Understanding image tracking

Imagine the following conversation:

Person A: I can't find my print of The Starry Night. Do you know where it is?

Person B: What does it look like?

For a computer, or for someone who is naive about Western art, Person B's question is quite reasonable. Before we can use our sense of sight (or other senses) to track something, we need to have sensed that thing before. (Failing that, we at least need a good description of what we will sense.) For computer vision, we must provide a reference image that will be compared with the live camera image or scene. If the target has complex geometry or moving parts, we might need to provide many reference images to account for different perspectives and poses. However, for our examples using famous paintings, we will assume that the target is rectangular and rigid.

For this chapter's purposes, let's say that the goal of tracking is to determine how our rectangular target is posed in 3D. With this information, we can draw an outline around our target. In the final 2D image, the outline will be a quadrilateral (not necessarily a rectangle), since the target could be skewed away from the camera.

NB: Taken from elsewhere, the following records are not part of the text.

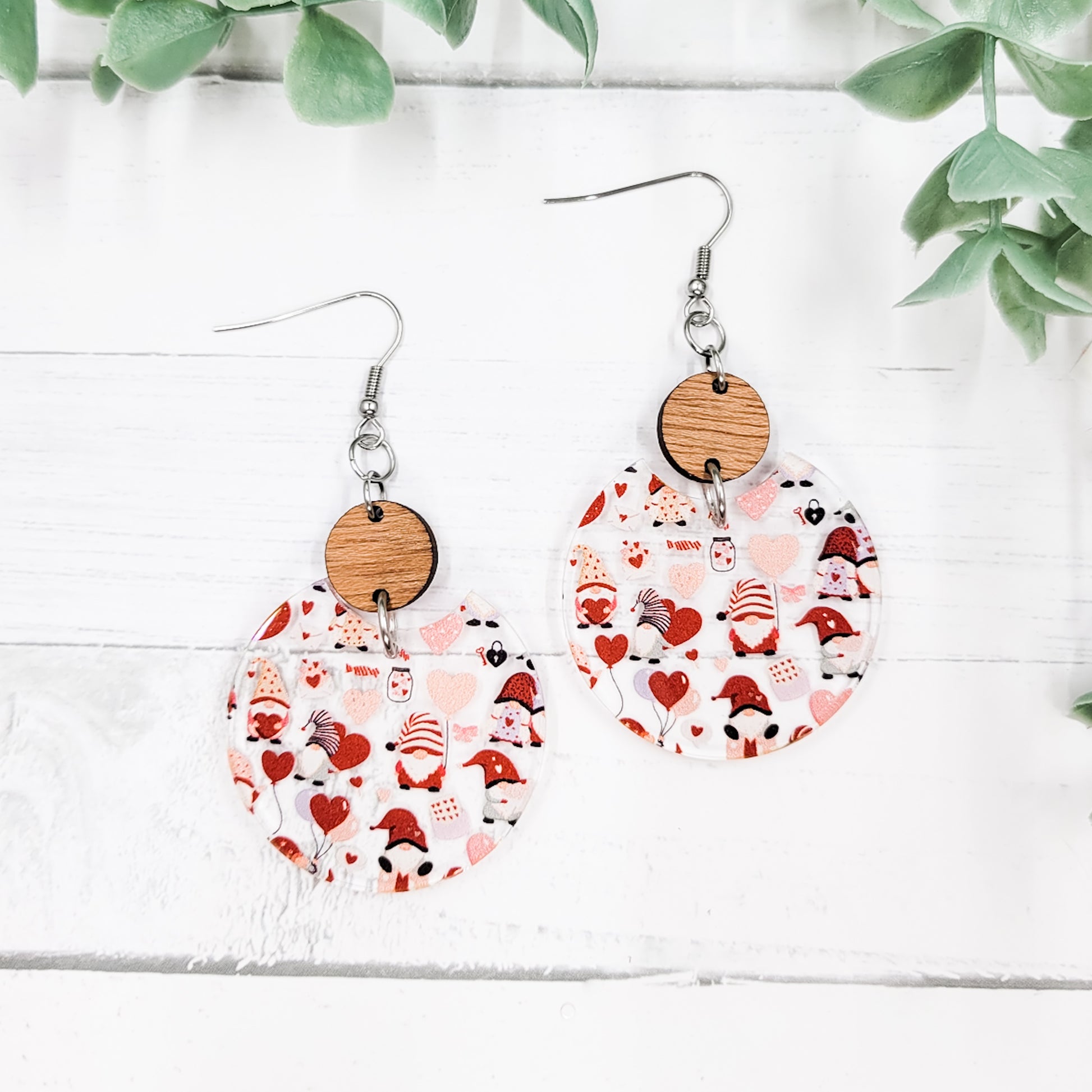 Valentines Gnomes Clear Acrylic Semi Circle Dangle Earrings
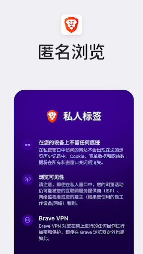 Brave网络浏览器是私密、安全的网络浏览器,可以免费阻止第三方广告。Brave 的浏览器和搜索引擎深受 9700 多万用户喜爱。 Brave 拥有 AI 助手 Brave Leo、防火墙 + VPN 以及广告拦截等功能。 <br><br>Brave网络浏览器是一款快速、安全的安卓网络浏览器应用程序,内置第三方广告的广告拦截器。Brave浏览器快速、安全而私密,可以防止你被广告跟踪或被恶意软件和弹出窗口感染。立即下载最好的网络浏览器。<br><br><b>🔒快速安全的网络浏览器</b><br>无需外部插件或设置!Brave网络浏览器为安卓提供最安全、最快速的网络浏览器。享受无弹出窗口(弹窗拦截器)、恶意软件和其他烦恼的浏览。<br><br><b>🚫广告拦截网络浏览器</b><br>Brave网络浏览器应用程序设计有内置的广告拦截器(弹出窗口阻止程序)。Brave的免费广告拦截器可以在你浏览网页时保护你免受跟踪广告的侵害,保护你的隐私。<br><br><b>🙈自动隐私 - 广告拦截浏览器保护</b><br>Brave网络浏览器应用程序还可以提供领先的隐私和安全功能,例如HTTPS Everywhere(加密数据流量)、脚本阻止、第三方cookie阻止和私人选项卡。<br><br><b>应用功能</b><br>• 内置广告拦截浏览器<br>• 弹出窗口阻止程序<br>• 节省数据和电池<br>• 阻止侵犯隐私的广告<br>• 安全地同步书签<br>• 跟踪保护浏览器<br>• HTTPS Everywhere(为了安全)<br>• 脚本拦截器<br>• 第三方cookie阻止程序<br>• 历史<br>• 私人标签<br>• 最近标签<br>• 快速搜索引擎<br><br><b>关于Brave</b><br>我们的使命是,通过创建安全、快速和私密的浏览器来拯救网络,同时增加内容创作者的广告收入。安全快速的浏览是通向开放网络更光明未来的途径,Brave旨在通过微支付和新的收益分享解决方案改变在线广告生态系统,为用户和发布商提供更好的交易。<br><br>要了解有关Brave网络浏览器应用程序的更多信息(该应用程序具有内置广告阻止、跟踪和安全保护),请访问https://www.brave.com<br><br><b>问题/支持?</b><br>请通过https://brave.com/msupport与我们联系。我们很高兴收到你的消息。<br><br>喜欢这款应用程序?请给我们留下五星评价!<br><br>立即下载最好的浏览器。
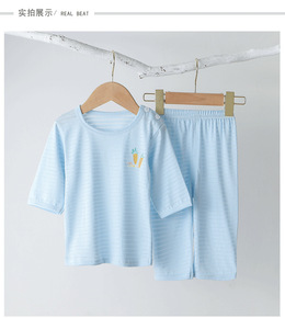 新款纯色儿童套装无袖T恤大中小童家居服背心无袖 七...

There are four major steps in this type of tracking:

  1. Find features in the reference image and scene. A feature is a point that is likely to maintain a similar appearance when viewed from different distances or angles. For example, corners often have this characteristic.
  2. Find descriptors for each set of features. A descriptor is a vector of data about a feature. Some features are not suitable for generating a descriptor, so an image has fewer descriptors than features.
  3. Find matches between the two sets of descriptors. If we imagine the descriptors as points in a multidimensional space, a match is defined in terms of some measure of distance between points. Descriptors that are close enough to each other are considered a match.
  4. Find the homography between a reference image and a matching image in the scene. A homography is a 3D transformation that would be necessary to line up the two projected 2D images (or come as close as possible to lining them up). It is calculated based on the two images' matching feature points. By applying the homography to a rectangle, we can get an outline of the tracked object.

There are many different techniques for performing each of the first three steps. OpenCV provides relevant classes called FeatureDetector, DescriptorExtractor, and DescriptorMatcher, each supporting several techniques. We will use a combination of techniques that OpenCV calls FeatureDetector.STAR, DescriptorExtractor.FREAK, and DescriptorMatcher.BRUTEFORCE_HAMMING. This combination is relatively fast and robust. Unlike some alternatives, it is scale-invariant and rotation-invariant, meaning that the target can be tracked from various distances and perspectives. Also, unlike some other alternatives, it is not patented so it is free for use even in commercial applications.